Come dice MF, il partitivo e' una costruzione correttissima dell'Italiano (cosi' come l'uso di lui/lei come soggetto). Anzi in alcuni casi il suo uso e' consigliato, per es. con in nomi di massa (come pane, appunto) e come forma plurale dell'articolo indefinito: ho incontrato dei turisti inglesi, ho comprato delle rose.
In entrambi i casi la quantita' e' indefinita, per questo "un po' di pane" (quantita' specificata, anche se non precisamente) e' "del pane" (quantita' indefinita) hanno un significato diverso. 

Comunque questo Thread nasce da un'incomprensione. Infatti il post citato non giudica sgradevole "mi daresti del pane", ma un'altra frase. Quardate qui, al post #6.


----------



## bubu7

Stavolta vi risparmio la citazione grammaticale ma che non senta più qualcuno parlare di francesismo.  



> Quando fui desto innanzi la dimane,
> pianger senti' fra 'l sonno i miei figliuoli
> ch'eran con meco, e dimandar del pane.
> (_Inferno_, XXXIII, 37-39)


----------



## sam1978

Che vuoi che ti dica? Rimane il fatto che mi correggevano se lo usavo!


----------



## bubu7

sam1978 said:


> Rimane il fatto che mi correggevano se lo usavo!

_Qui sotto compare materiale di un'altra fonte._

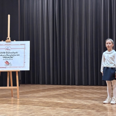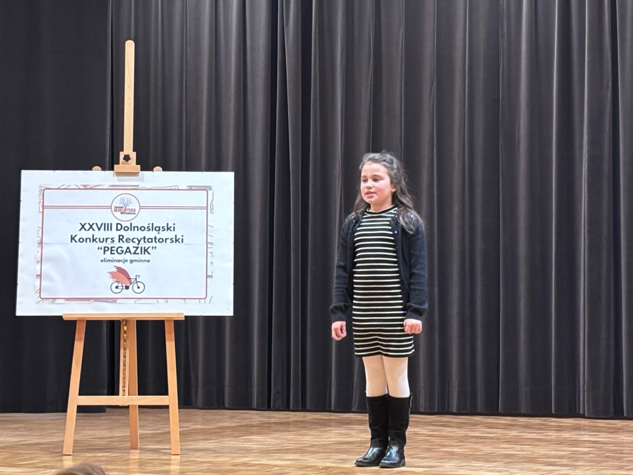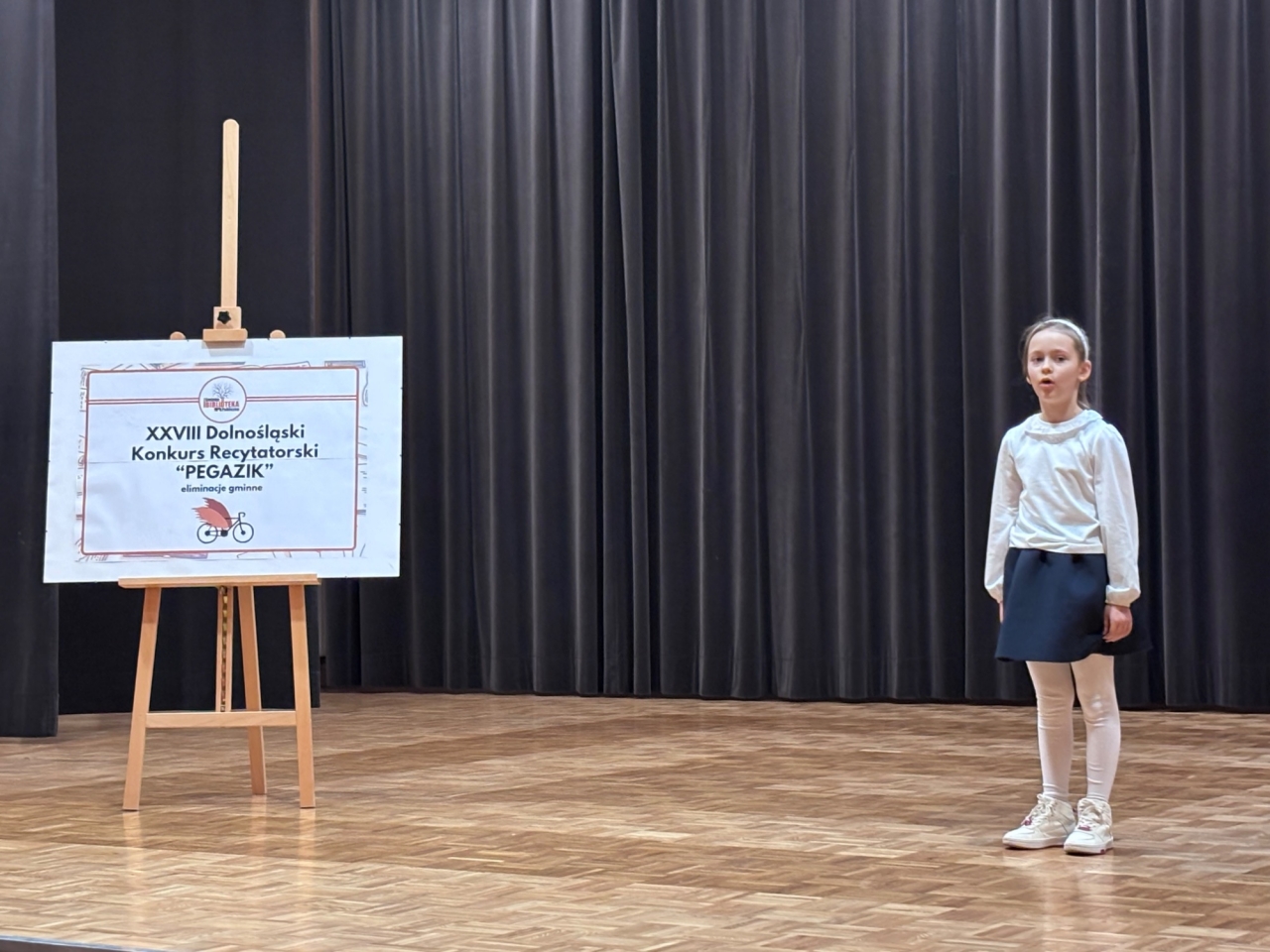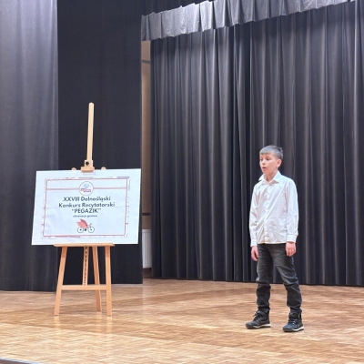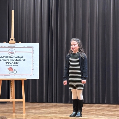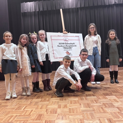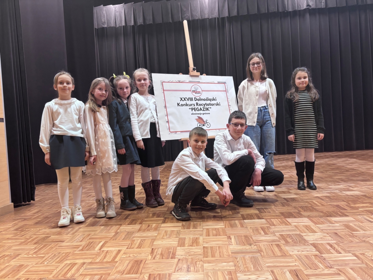 21 lutego odbyły się szkolne eliminacje do XXVIII Dolnośląskiego Konkursu Recytatorskiego "Pegazik". Z grona 18 uczniów, jury wyłoniło 6 recytatorów, którzy reprezentowali naszą szkołę w eliminacjach gminnych, które odbyły się 28 lutego w Gminnym Centrum Kultury im. Anny Sojko w Dobroszycach.

D'accordo, ma questo non depone certamente a favore della preparazione del tuo insegnante.
Peccato non avergli potuto replicare coi versi di Dante oppure con una citazione da qualche buona grammatica.


----------



## Saoul

> MODERATION NOTE
> 
> Interessante thread, che sta diventando un po' troppo chat.
> Il tema non è la preparazione degli insegnanti di Sam, quanto la correttezza del partitivo in italiano.
> Il discorso è praticamente esaurito, visto che sono state portate diverse prove della correttezza di questa forma linguistica italiana, pertanto vi prego di aggiungere ulteriori argomenti solo se questi sono inerenti al tema "il partitivo nella lingua italiana. Chimera? Lucida realtà?"
> 
> Grazie
> Saoul


----------



## Dubia

Salve a tutti gli utenti del forum.
Sensini afferma che il complemento partitivo può dipendere da un avverbio di quantità (es.: "Dammi un po' del tuo panino"). Serianni afferma che "Gli indefiniti quantitativi possono essere adoperati con valore neutro con un complemento partitivo" (es.: "dammi ancora un po' di verdura"). 
Nei casi esemplificati, qual è il complemento oggetto del verbo "dare"?
In una frase come "dammi un po' di pane", io sarei tentata di considerare "un po' di pane" come complemento oggetto partitivo, alla stregua di "dammi del pane".
Grazie a chi vorrà risolvere il mio dubbio.




Sicanius said:


> In entrambi i casi la quantita' e' indefinita, per questo "un po' di pane" (quantita' specificata, anche se non precisamente) e' "del pane" (quantita' indefinita) hanno un significato diverso.


 
Questa osservazione mi convince, ma non riesco comunque a risolvere il dubbio sintattico.


----------